**EXERCISE REQUIREMENTS**
Please give back every entry in full, word for word, but none of the pictures.

[Records from a data source]
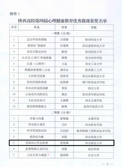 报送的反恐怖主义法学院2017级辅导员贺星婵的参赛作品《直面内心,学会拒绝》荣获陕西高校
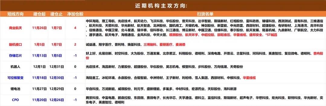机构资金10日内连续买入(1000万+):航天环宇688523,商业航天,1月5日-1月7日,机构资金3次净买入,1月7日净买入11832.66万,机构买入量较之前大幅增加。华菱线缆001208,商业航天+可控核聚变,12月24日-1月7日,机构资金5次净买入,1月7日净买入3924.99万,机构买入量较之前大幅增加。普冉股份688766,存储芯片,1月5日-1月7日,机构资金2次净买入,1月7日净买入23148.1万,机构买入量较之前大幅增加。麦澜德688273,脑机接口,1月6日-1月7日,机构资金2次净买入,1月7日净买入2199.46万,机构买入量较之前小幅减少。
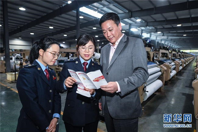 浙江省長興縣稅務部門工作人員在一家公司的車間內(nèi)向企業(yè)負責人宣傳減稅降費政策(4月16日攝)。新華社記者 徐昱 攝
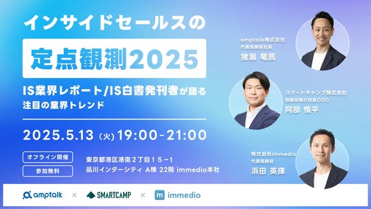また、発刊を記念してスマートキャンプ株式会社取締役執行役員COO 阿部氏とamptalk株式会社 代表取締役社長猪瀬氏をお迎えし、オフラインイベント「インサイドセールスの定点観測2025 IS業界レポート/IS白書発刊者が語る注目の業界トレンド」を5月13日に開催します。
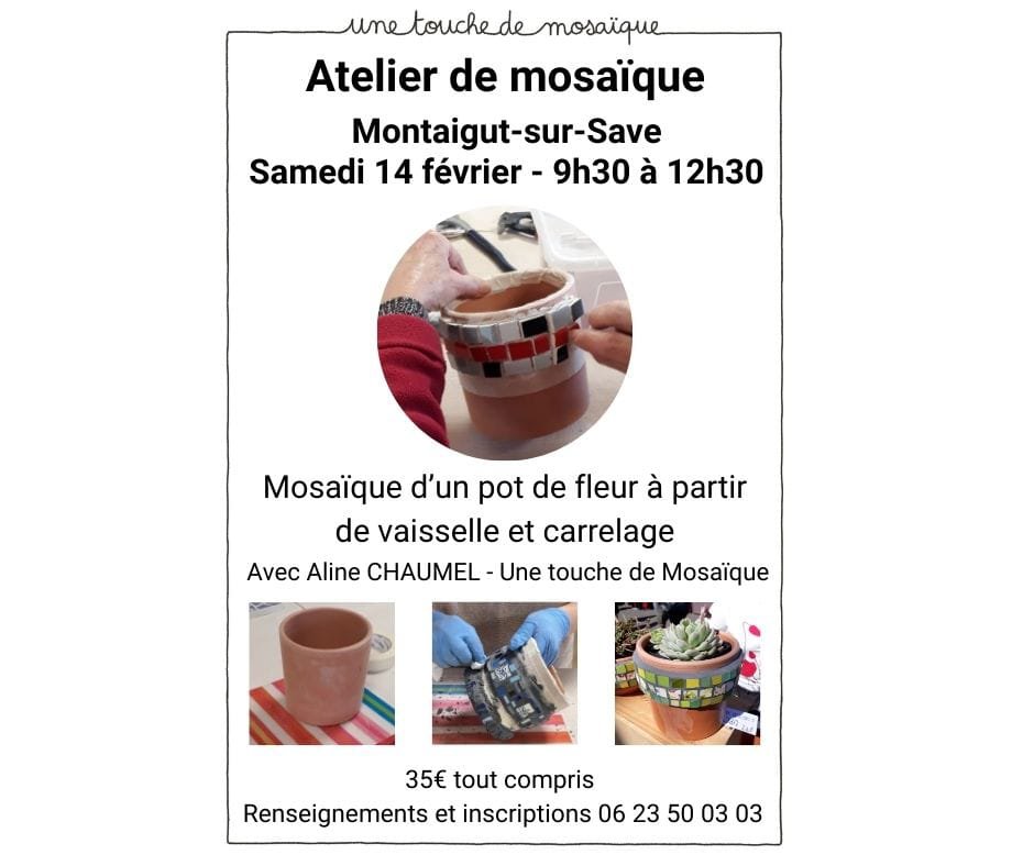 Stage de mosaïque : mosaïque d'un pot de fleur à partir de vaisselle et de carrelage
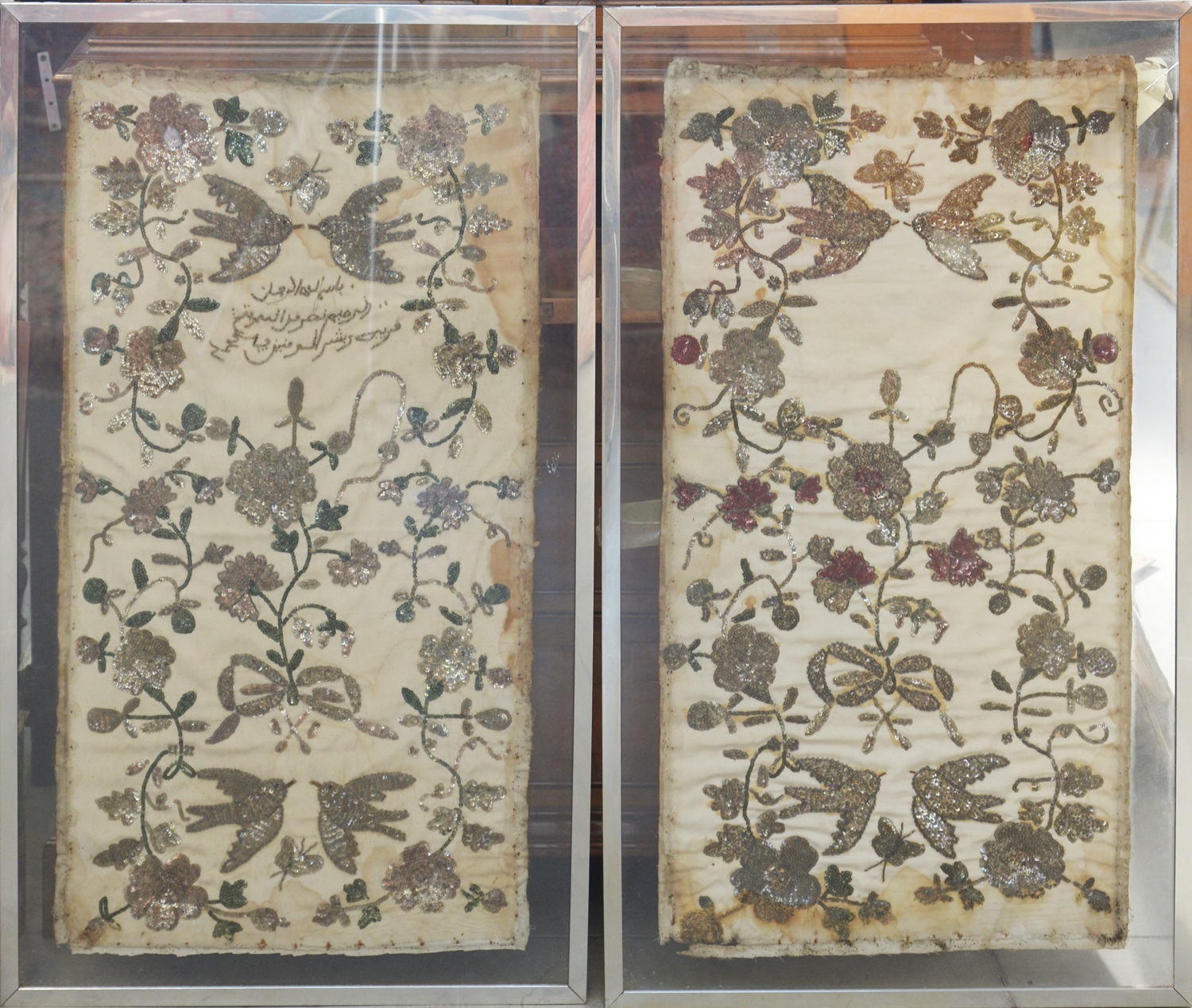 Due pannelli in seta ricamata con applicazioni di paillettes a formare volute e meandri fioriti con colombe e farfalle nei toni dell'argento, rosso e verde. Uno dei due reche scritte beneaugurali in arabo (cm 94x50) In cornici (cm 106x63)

**EXERCISE RESPONSE**
 报送的反恐怖主义法学院2017级辅导员贺星婵的参赛作品《直面内心,学会拒绝》荣获陕西高校
机构资金10日内连续买入(1000万+):航天环宇688523,商业航天,1月5日-1月7日,机构资金3次净买入,1月7日净买入11832.66万,机构买入量较之前大幅增加。华菱线缆001208,商业航天+可控核聚变,12月24日-1月7日,机构资金5次净买入,1月7日净买入3924.99万,机构买入量较之前大幅增加。普冉股份688766,存储芯片,1月5日-1月7日,机构资金2次净买入,1月7日净买入23148.1万,机构买入量较之前大幅增加。麦澜德688273,脑机接口,1月6日-1月7日,机构资金2次净买入,1月7日净买入2199.46万,机构买入量较之前小幅减少。
 浙江省長興縣稅務部門工作人員在一家公司的車間內(nèi)向企業(yè)負責人宣傳減稅降費政策(4月16日攝)。新華社記者 徐昱 攝
また、発刊を記念してスマートキャンプ株式会社取締役執行役員COO 阿部氏とamptalk株式会社 代表取締役社長猪瀬氏をお迎えし、オフラインイベント「インサイドセールスの定点観測2025 IS業界レポート/IS白書発刊者が語る注目の業界トレンド」を5月13日に開催します。
 Stage de mosaïque : mosaïque d'un pot de fleur à partir de vaisselle et de carrelage
 Due pannelli in seta ricamata con applicazioni di paillettes a formare volute e meandri fioriti con colombe e farfalle nei toni dell'argento, rosso e verde. Uno dei due reche scritte beneaugurali in arabo (cm 94x50) In cornici (cm 106x63)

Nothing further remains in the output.